According to Ashland Police Department (APD) a neighbor of the Trading Post pawn shop fired his gun at a man who broke into the store.

Police say 19-year-old Caleb Charles LaBarbera broke into the store by shattering windows and climbing in at around 12:45 a.m. Monday morning.

Cody McCracken, whose landlord also owns the pawn shop, told officers he’d heard the glass break and saw Labarbera as he broke in.

In an attempt to stop the burglary, McCracken, “fired a warning shot into the air.” LaBarbera got the message and tried to flee the scene in a car. McCracken told ABC17News the burglar then tried to run him over, so he fired at his tires.

“I ran over there and stood behind the car,” McCracken said. “Of course, I had my pistol on me.”

One of the errant rounds McCracken fired ricocheted and struck him, resulting in a trip to the hospital for minor injuries.

“It bounced off his rim, then bounced off the ground and hit me in the foot,” McCracken said. “It didn’t even go in just bruised me.”

An APD officer who heard the shots and was investigating the area, witnessed Labarbera driving erratically on westbound East Broadway in his haste to get away from McCracken. He crashed into another vehicle causing minor injuries to the occupant.

When he nearly crashed for a second time, the officer was able to apprehend Labarbera. A search of the 19-year-old suspect failed to reveal any weapons or injuries.

Labarbera was charged with second degree burglary and APD says additional arrests may occur.

There are many lessons of what not to do here.

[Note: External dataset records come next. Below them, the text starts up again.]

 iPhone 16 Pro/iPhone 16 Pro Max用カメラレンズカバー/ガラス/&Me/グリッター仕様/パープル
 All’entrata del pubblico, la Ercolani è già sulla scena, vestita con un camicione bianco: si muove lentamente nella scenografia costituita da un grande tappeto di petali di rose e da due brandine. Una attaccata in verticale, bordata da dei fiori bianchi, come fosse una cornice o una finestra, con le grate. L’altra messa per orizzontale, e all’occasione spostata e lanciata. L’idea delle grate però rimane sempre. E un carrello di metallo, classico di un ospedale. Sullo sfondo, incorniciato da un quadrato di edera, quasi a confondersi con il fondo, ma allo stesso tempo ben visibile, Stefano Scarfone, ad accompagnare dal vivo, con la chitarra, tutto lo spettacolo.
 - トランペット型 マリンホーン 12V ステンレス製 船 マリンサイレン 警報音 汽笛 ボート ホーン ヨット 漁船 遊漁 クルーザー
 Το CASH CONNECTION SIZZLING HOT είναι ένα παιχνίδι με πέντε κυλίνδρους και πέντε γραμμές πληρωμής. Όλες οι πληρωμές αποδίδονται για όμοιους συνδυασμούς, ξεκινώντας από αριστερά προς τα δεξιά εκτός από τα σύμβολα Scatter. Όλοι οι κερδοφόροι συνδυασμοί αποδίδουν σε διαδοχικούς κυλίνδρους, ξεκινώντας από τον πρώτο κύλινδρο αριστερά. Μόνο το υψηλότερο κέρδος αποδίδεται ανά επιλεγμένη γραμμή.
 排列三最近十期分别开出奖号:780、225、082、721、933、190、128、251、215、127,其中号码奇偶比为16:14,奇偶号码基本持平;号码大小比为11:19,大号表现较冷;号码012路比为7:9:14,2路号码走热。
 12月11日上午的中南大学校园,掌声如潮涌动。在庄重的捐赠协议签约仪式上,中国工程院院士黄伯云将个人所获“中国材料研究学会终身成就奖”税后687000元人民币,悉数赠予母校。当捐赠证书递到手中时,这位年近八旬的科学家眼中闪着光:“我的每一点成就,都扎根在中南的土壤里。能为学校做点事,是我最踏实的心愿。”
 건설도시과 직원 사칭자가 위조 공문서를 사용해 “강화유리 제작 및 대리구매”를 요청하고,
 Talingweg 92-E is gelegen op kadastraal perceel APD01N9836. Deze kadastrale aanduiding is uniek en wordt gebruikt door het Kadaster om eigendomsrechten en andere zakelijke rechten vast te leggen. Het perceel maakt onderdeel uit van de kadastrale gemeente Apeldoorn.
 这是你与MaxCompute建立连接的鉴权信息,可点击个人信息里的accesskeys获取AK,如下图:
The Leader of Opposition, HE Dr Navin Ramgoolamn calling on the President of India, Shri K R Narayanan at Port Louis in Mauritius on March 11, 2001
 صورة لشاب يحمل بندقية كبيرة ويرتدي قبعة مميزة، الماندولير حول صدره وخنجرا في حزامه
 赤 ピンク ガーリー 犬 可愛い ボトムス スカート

To have a good defense in court of why you fired your gun at another human being, you must be able to articulate to a jury of your peers that you were in imminent danger and feared for your life or the life of someone else.

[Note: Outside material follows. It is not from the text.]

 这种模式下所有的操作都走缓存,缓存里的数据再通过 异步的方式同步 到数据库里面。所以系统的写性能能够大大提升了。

Unless you are certain the threat is leaving the immediate area with intent to do grave bodily harm to another person, you cannot shoot if the threat attempts to flee.

Running after a suspect, in an attempt to apprehend him is not only dangerous legally, but physically. Many times, gunowners chase after a burglar who has fled their home only to be shot by the desperate criminals they pursed.